A rare association between multiple sclerosis and Charcot-Marie-Tooth type 1B.

The association between multiple sclerosis (MS) and hereditary and sporadic demyelinating disorders of the peripheral nervous system is extremely rare. We herein report a case of Charcot-Marie-Tooth disease type 1B with p.Val102fs mutation in the MPZ gene that developed relapsing remitting MS.

The association between multiple sclerosis (MS) and hereditary (Kawamura et al., 2013) and sporadic (Potulska‐Chromik et al., 2012) demyelinating disorders of the peripheral nervous system is extremely rare.

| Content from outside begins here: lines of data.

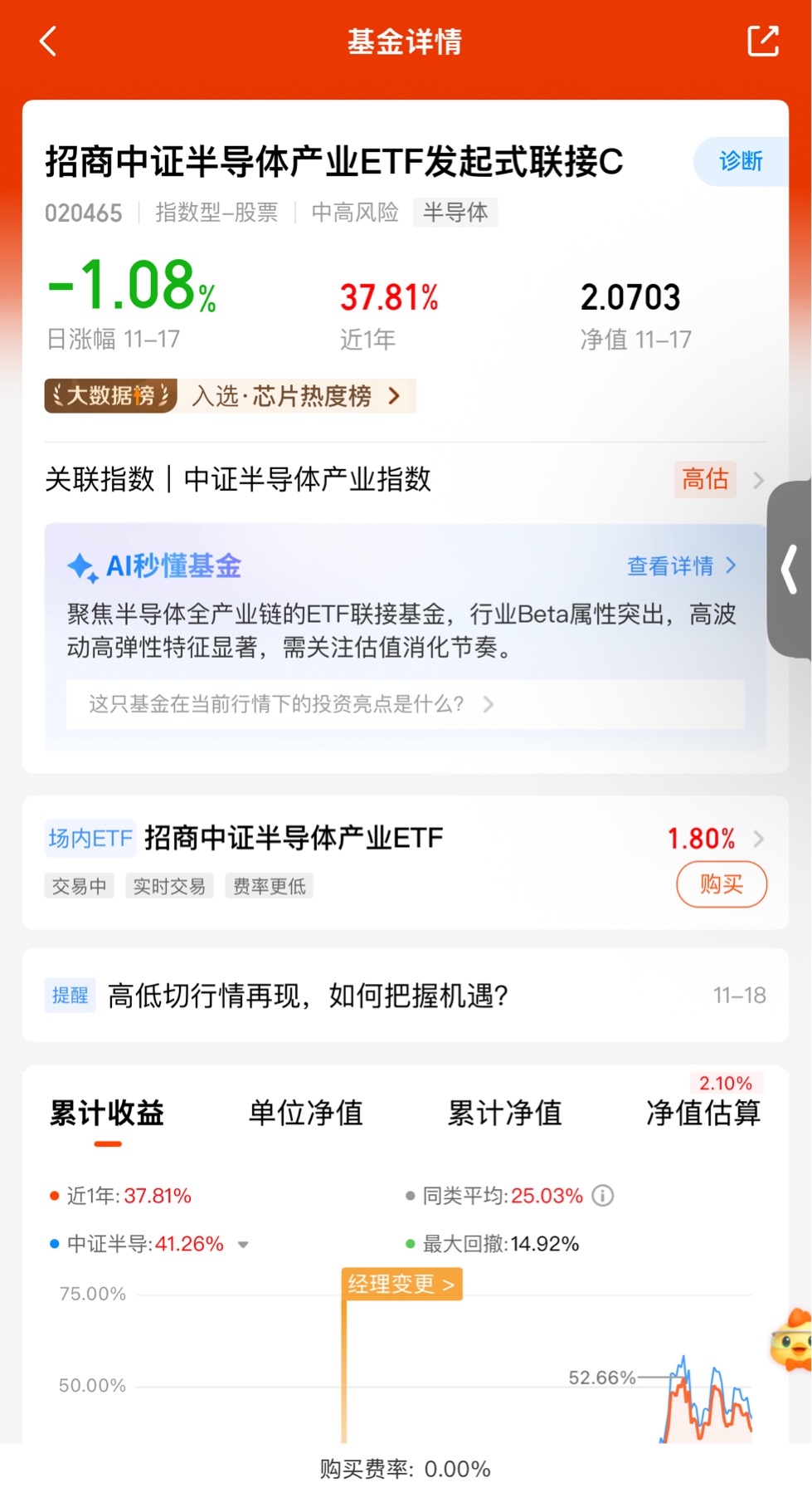 今日半导体板块表现强势,$招商中证半导体产业ETF发起式联接C$ 高开高走,截至午盘大涨近2%,成为市场领涨主力。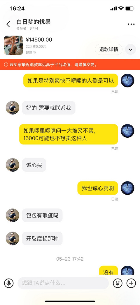 我最近在闲鱼卖一个闲置包,莫问为啥不卖给二奢店,肯定是因为给不起价格。早就一个闲鱼奇葩多,到手刀的多,所以说做出了各种可能出现的情况的假设,并且做了全面的准备,我在页面写清楚了包包所有的问题,360度无死角的照片视频,说明了不退,发货打包全程视频,挂了防盗扣,发出前再三提醒不能到手刀,不可能是假货,瑕疵都给你拍清楚说明白,所以不能到手刀,我是个特别怕麻烦不喜欢啰嗦的人,所以讲价的我都懒得回复,这个
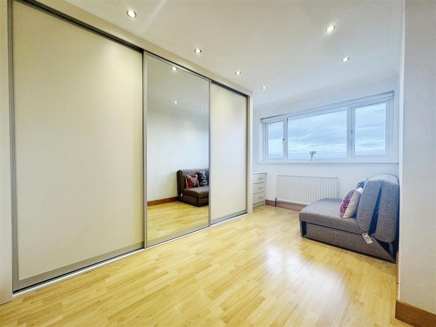 Bedroom 3 - Double glazed window, fitted wardrobes, laminate floor & radiator.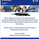They have been cheating about a refund issued by Ryanair on their account. The flight was cancelled cause a strike and they said the airline had not processed the money. Today I called Ryanair and the refund was sent on 21 October 2022. This is fraud!
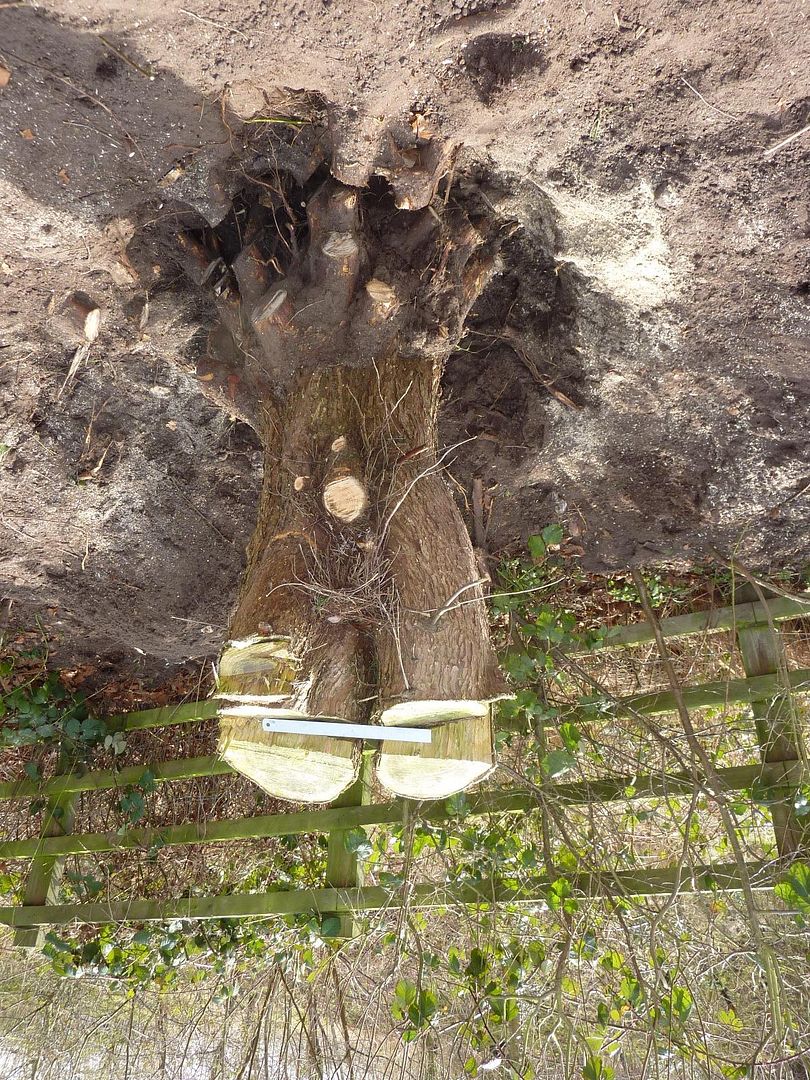 Thanks for the advice; In the end, I thought it best not to tell her to dig it out her self but have cut it down to ground level and put some burning coals on it. I did try a 10 ton "Porta Power" puller, but it only has about 8" of travel and it just dug chains into the wood , tried a couple of" land rover" Hi Lift jacks....but it was obvious what was going to win

Nevertheless, the contemporary involvement of both central and peripheral myelin could be related to a unique autoimmune pathogenetic mechanisms allowed by the partial homology among peripheral and central proteins (Kawamura et al., 2013; Potulska‐Chromik et al., 2012).

Herein we describe a case of Charcot‐Marie‐Tooth disease type 1B (CMT1B) who developed relapsing MS.

A 40‐years‐old woman was admitted to our hospital complaining of a 10 years history of bilateral progressive weakness and numbness of the lower limbs, followed by loss of strength and difficulty with fine motor skills from a few months before the observation.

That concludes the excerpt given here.